◆ **What the task requires**
From the entries below, reproduce exactly the lines from the one with "ILUSTRACIÓN N°25: Monumento" through the one with "DL840900R Турнель серый", both included, without images.

◆ **Material shown**

══════

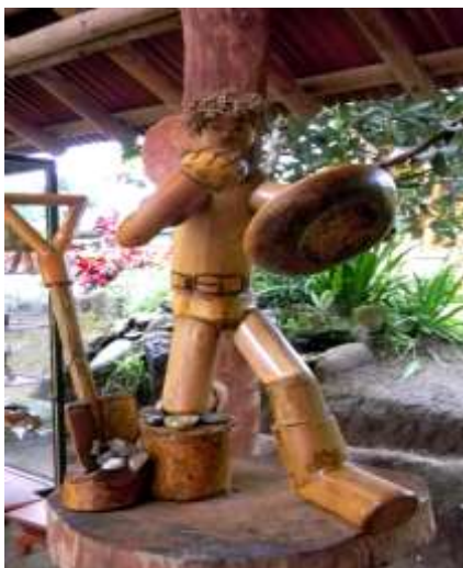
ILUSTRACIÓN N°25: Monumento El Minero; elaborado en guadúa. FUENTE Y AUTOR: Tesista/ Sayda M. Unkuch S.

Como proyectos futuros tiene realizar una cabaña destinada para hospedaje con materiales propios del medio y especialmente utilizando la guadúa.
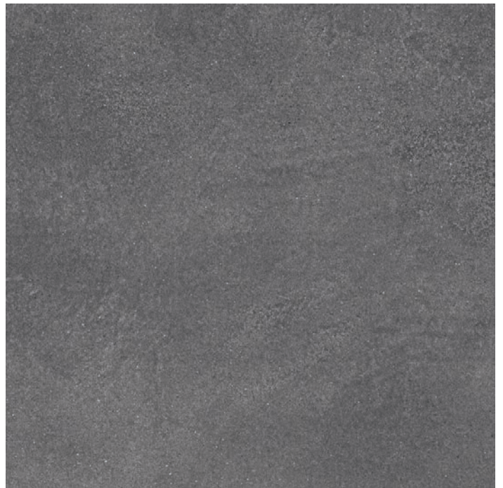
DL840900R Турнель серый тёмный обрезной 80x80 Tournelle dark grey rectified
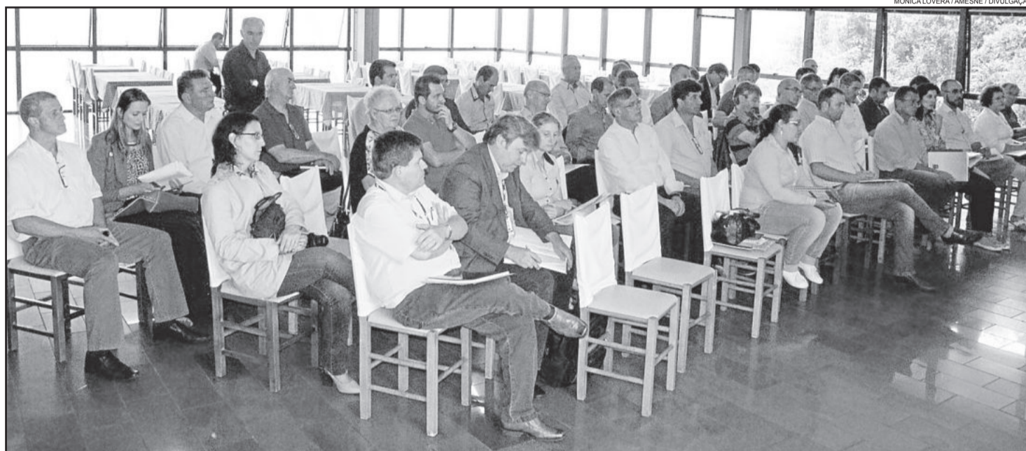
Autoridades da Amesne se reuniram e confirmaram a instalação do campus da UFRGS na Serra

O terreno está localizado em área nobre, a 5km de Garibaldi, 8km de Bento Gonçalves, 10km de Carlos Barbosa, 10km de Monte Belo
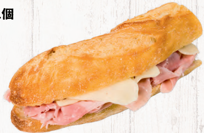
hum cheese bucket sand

══════

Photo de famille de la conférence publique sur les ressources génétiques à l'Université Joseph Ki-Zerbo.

══════

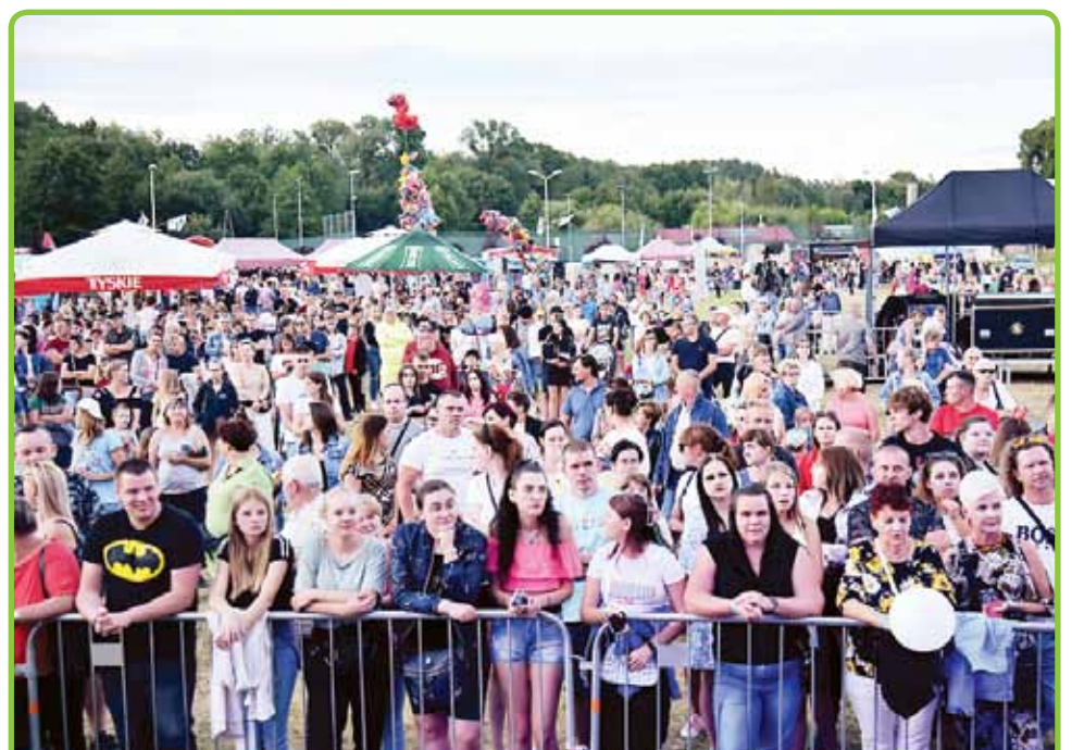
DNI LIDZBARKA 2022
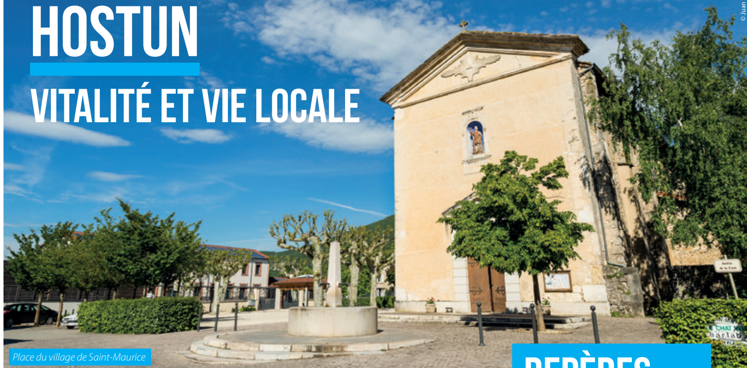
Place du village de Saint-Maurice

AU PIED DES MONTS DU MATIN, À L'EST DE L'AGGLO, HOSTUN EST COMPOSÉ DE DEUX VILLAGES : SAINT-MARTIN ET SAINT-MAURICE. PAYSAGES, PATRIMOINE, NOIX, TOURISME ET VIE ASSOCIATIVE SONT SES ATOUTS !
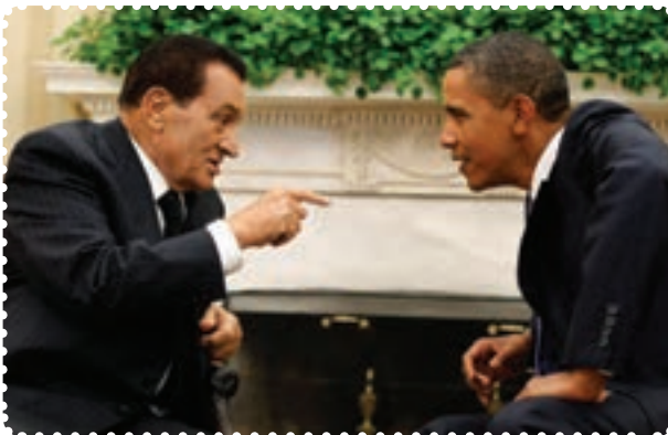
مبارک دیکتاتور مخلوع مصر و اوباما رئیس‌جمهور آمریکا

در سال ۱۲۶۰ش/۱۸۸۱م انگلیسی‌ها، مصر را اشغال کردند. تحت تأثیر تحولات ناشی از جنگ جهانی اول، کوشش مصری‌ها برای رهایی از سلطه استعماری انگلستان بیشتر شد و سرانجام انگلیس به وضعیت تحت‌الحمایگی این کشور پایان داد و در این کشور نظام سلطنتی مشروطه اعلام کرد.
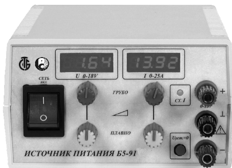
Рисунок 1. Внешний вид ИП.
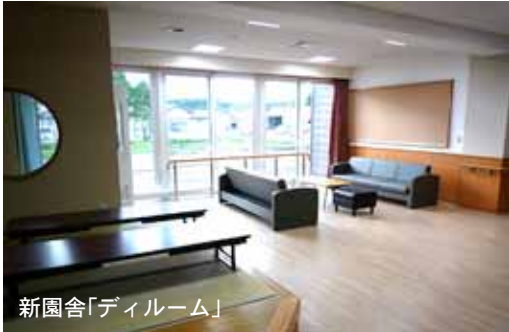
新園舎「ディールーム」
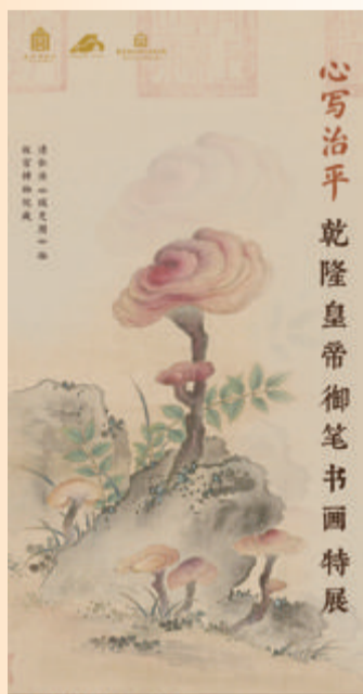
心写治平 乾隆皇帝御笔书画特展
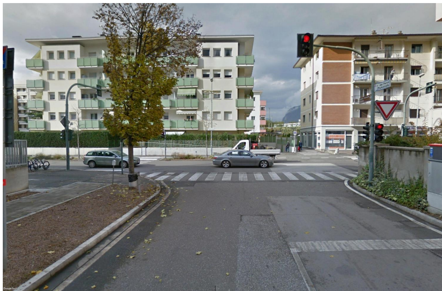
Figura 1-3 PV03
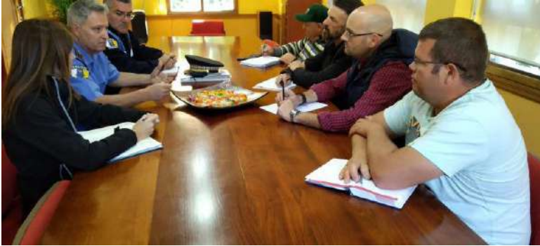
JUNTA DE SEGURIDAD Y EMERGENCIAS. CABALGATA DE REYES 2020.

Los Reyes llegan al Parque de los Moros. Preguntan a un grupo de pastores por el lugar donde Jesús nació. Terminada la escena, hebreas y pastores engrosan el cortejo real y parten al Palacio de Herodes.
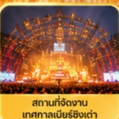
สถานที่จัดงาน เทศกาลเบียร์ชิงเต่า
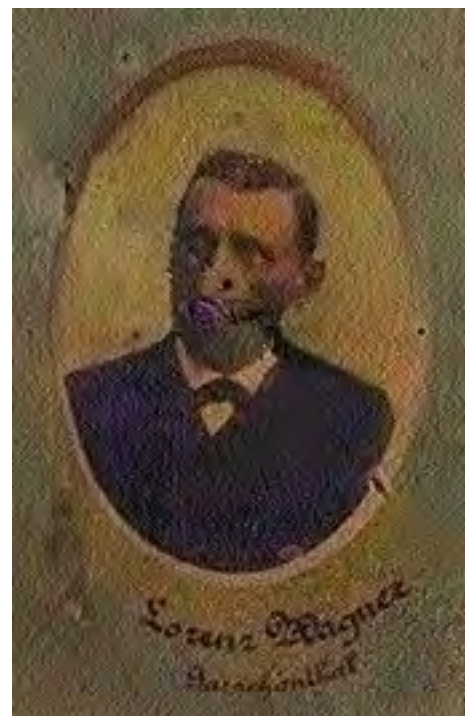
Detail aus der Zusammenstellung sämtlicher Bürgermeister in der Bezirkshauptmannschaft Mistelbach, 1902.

══════

◆ **Answer box**
ILUSTRACIÓN N°25: Monumento El Minero; elaborado en guadúa. FUENTE Y AUTOR: Tesista/ Sayda M. Unkuch S.

Como proyectos futuros tiene realizar una cabaña destinada para hospedaje con materiales propios del medio y especialmente utilizando la guadúa.
DL840900R Турнель серый тёмный обрезной 80x80 Tournelle dark grey rectified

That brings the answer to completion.